Abgesehen davon haben wohl alle Tutzinger ihren eigenen, individuellen Blickwinkel und viele unterschiedliche Argumente.
(Was die Tutzinger als "Lebenswert" betrachten, sollte man dann besser auch mal ganz zu Beginn des ISEK/GEK breit abfragen! Für meinen Geschmack wird da bislang von den jeweiligen Akteuren zu viel behauptet, und zu wenig belastbar untersucht.)
Keine Gemeinde wurde je gezwungen die Straßen auf eine bestimmte Mindestgeschwindigkeit auszulegen. Das ist Unsinn!
Selbstverständlich können auch bereits unter dem bestehenden Recht die Geschwindigkeiten gezielt eingeschränkt werden, nur muss man dann eben die entsprechenden Sachverhalte/Argumente nachweisen können.
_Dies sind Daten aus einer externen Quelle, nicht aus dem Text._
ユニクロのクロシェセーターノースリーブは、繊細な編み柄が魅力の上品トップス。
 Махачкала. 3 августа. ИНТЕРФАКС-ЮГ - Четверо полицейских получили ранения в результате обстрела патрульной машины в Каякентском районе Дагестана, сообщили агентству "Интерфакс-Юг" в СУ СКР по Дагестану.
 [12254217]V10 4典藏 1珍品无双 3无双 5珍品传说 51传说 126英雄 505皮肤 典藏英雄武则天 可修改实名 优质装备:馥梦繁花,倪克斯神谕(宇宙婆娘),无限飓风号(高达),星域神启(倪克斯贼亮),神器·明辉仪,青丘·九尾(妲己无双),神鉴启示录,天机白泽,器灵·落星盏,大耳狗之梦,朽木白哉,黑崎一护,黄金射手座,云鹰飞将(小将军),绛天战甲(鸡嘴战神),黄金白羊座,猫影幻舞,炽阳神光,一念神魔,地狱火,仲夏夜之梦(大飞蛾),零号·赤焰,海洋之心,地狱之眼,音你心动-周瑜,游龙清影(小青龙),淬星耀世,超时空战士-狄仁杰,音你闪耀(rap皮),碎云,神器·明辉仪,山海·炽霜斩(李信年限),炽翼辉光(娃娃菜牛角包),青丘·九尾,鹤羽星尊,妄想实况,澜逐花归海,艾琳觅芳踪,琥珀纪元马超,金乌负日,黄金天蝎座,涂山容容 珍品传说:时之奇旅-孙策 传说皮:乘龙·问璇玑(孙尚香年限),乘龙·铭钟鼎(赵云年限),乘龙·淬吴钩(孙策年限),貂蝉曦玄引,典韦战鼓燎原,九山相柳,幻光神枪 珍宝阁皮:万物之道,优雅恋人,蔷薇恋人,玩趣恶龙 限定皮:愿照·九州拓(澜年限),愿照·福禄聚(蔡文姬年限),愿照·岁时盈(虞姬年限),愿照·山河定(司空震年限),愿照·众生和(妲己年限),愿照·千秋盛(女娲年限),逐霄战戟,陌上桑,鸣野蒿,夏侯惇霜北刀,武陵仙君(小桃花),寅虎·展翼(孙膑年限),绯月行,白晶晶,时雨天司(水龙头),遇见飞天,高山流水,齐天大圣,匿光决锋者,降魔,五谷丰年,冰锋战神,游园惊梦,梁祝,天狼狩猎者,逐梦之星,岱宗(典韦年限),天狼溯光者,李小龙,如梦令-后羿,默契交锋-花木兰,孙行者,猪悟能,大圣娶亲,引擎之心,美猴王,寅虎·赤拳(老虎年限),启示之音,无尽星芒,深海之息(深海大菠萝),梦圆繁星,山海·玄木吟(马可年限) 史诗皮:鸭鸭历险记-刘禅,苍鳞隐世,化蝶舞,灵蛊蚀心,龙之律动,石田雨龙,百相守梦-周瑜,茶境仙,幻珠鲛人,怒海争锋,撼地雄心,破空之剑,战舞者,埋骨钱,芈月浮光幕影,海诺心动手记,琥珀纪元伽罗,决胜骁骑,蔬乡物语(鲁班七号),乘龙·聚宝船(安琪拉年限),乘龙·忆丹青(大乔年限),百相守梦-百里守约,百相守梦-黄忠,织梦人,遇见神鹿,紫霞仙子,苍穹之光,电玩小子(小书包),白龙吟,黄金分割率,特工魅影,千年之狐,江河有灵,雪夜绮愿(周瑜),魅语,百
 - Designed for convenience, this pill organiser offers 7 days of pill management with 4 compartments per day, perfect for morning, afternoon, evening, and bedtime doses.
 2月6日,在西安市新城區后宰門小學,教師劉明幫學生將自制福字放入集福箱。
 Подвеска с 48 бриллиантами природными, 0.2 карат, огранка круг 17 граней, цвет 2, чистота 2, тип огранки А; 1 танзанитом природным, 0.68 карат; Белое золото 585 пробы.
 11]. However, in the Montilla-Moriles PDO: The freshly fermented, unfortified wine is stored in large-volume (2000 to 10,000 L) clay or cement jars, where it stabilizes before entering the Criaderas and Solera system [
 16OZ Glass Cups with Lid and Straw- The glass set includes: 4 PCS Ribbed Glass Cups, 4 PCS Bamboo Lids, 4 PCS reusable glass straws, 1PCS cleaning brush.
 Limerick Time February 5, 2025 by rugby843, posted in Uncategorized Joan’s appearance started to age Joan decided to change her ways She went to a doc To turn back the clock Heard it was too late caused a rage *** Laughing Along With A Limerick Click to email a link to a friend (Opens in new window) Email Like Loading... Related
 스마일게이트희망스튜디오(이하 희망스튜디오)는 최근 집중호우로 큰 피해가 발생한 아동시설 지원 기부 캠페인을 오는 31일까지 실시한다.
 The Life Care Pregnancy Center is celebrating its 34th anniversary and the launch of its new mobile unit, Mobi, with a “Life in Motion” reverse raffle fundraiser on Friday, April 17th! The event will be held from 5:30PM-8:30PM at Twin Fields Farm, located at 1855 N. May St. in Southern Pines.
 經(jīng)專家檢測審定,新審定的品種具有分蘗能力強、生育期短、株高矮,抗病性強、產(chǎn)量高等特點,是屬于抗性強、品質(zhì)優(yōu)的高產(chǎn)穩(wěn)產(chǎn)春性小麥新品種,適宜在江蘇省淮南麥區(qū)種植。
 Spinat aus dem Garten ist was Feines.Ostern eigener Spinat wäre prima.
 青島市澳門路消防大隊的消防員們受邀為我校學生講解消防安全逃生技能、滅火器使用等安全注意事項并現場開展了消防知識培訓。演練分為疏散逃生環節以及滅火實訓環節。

Das empfinde ich für einem Rechtsstaat angemessen und gut so.
Aber vielleicht geht es hinter vorgehaltener Hand doch eher um die Durchsetzung einer ganz bestimmten politisch-ideoligischen Agenda? Nicht alle, die einen grundlegenden, radikalen Umbau unserer gesamten Gesellschaft anstreben, tun dies so offenherzig und unverblümt wie der - ehrliche - Herr Kerbs.
Apropos:
Die selbsternannte Initiative "Lebenswerte Städte und Gemeinden“ wurde von Oberzentren und Großstädten gegründet und dominiert.
Aber hat eine kleine 10.000 Seelen-Gemeinde wie Tutzing die gleichen Probleme wie beispielsweise die Großstädte Augsburg oder Leipzig?
Haben wir in Tutzing die gleichen Mittel und Voraussetzungen wie die niedersächsische Landeshauptstadt Hannover?
Wird Tutzing am Ende die gleiche finanzielle Unterstützung für verkehrslenkende Maßnahmen bekommen, wie diese Big-Player?
Oder suchen hier vielleicht ein paar große Häuptlinge nur möglichst viele kleine Indianer, um sie alle zusammen vor ihren großen Karren zu spannen?
Kommunale Spitzenverbände, die demokratisch legitimiert und bestens vernetzt sind, gibt es längst: beispielsweise - speziell für viele ähnliche Kommunen wie Tutzing - den deutschen Städte- und Gemeindebund e. V. (DStGB), der bundesweit und auf europäischer Ebene die Interessen der kommunalen Selbstverwaltung sogenannter "kreisangehöriger Gemeinden" vertritt.
Unter Seinesgleichen ist man meist am besten aufgehoben, oder?